Charles Bock, Beautiful Children
Publisher: Random House
2008, 407 pages, paperback, $14
if you take John O’Brien’s novel Leaving Las Vegas, throw in a healthy dose of Hunter S. Thompson’s Fear and Loathing in Las Vegas, and top with the contemporary twist of the post-9/11 American psyche, you’ll likely find yourself imbibing Charles Bock’s Beautiful Children.
Set in Las Vegas and the surrounding arid wilderness, Bock’s debut novel weighs in at over 400 pages. Although a lengthy venture, Bock’s detailed attention to character and setting allows readers not only to gain a deeper appreciation for the city and surrounding high desert but to witness how each of the eight main characters’ poor decisions over the course of the novel pan out. Nurse this novel slowly to savor the searing images of Vegas’s faltering glitz, an iconic mid-century metropolis that emerges from the 21st century desert like a hallucinogenic dream, or as many of the characters depicted in this novel might suggest, like a nightmare from which one can never awake.
Beautiful Children’s present action opens during the relentless heat of a Las Vegas summer when a surly twelve year old boy, Newell, convinces his parents to allow him to spend the evening with his friend, Kenny, a pimpled teen whose jalopy, the FBI Mobile, serves as the literal and metaphorical vehicle for their last night as friends. Before the night ends, Newell is missing, and his disappearance haunts the remainder of the novel, during which we meet the grieving parents, an exotic dancer who imagines her life in screenplay format, her meth head porn peddling boyfriend, a shaved head teenage witch, a comic book artist, and several street urchins.
Bock creates suspense by implicating each of these characters in the young boy’s disappearance, and their seemingly disparate narratives intertwine with more frequency as the novel reaches its final climax. Bock’s project is an impressive undertaking, one likened to the rare, whirlwind quality of Charles Dickens’s serial novels where similarly unrelated characters impinge upon one another’s narratives and ultimately play a role in understanding the primary plot, which, in Beautiful Children‘s case, is whether a boy who goes missing at the opening of the story is found by the novel’s close.
Having lived in Nevada’s high desert for three and a half years, I have weathered the psychological and physical landscape that Bock paints in Beautiful Children. Like some of the characters in the novel, I was caught in dust storms kicked up when late afternoon zephyrs slid over the craggy mountains unexpectedly. Despite every effort to protect myself, whirling particulate still scraped at my eyes and shuddered over my face, leaving my throat parched and lips chapped so badly the skin carries permanent scars.
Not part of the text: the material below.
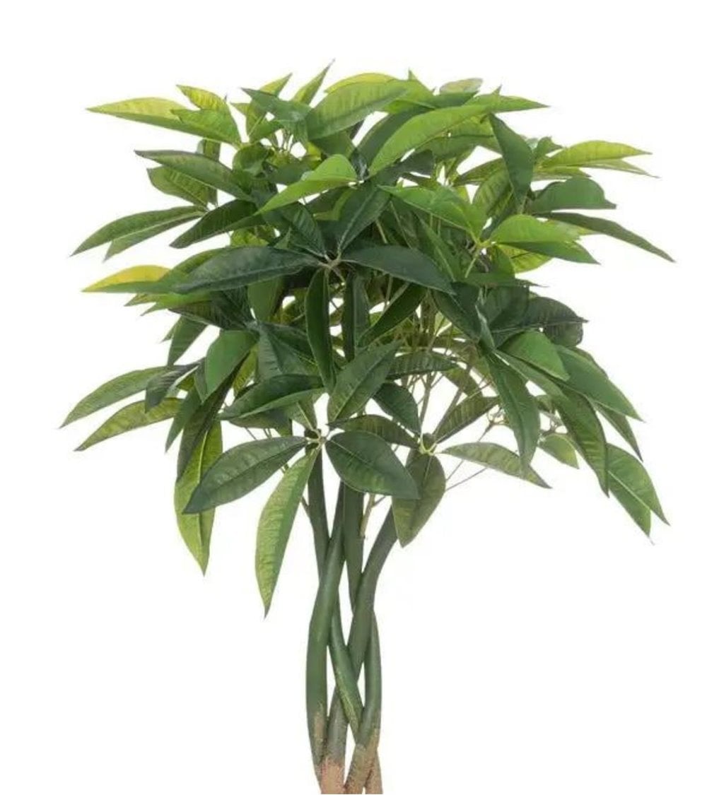 Bota de Pachira artificial de 110 cm de alto, con maceta de plástico incluida, ideal para cualquier estancia del interior de tu hogar.

Yet, amidst that harsh environment I also experienced some of the most awe-inspiring moments of my life, moments made more beautiful, perhaps, for the difficulty I encountered along the way. While living in Reno, I traveled to Las Vegas several times, and though I prefer northern Nevada to Vegas’s urban sprawl, I commend Bock for depicting such a mythologized city with honesty. He doesn’t romanticize or demonize the city and its inhabitants. Rather, he deftly creates characters whose humanity is always evident, especially in the moments when characters must decide between self-preservation and preserving the humanity in others. As a young writer, I hope I might unearth such authenticity within my own fiction.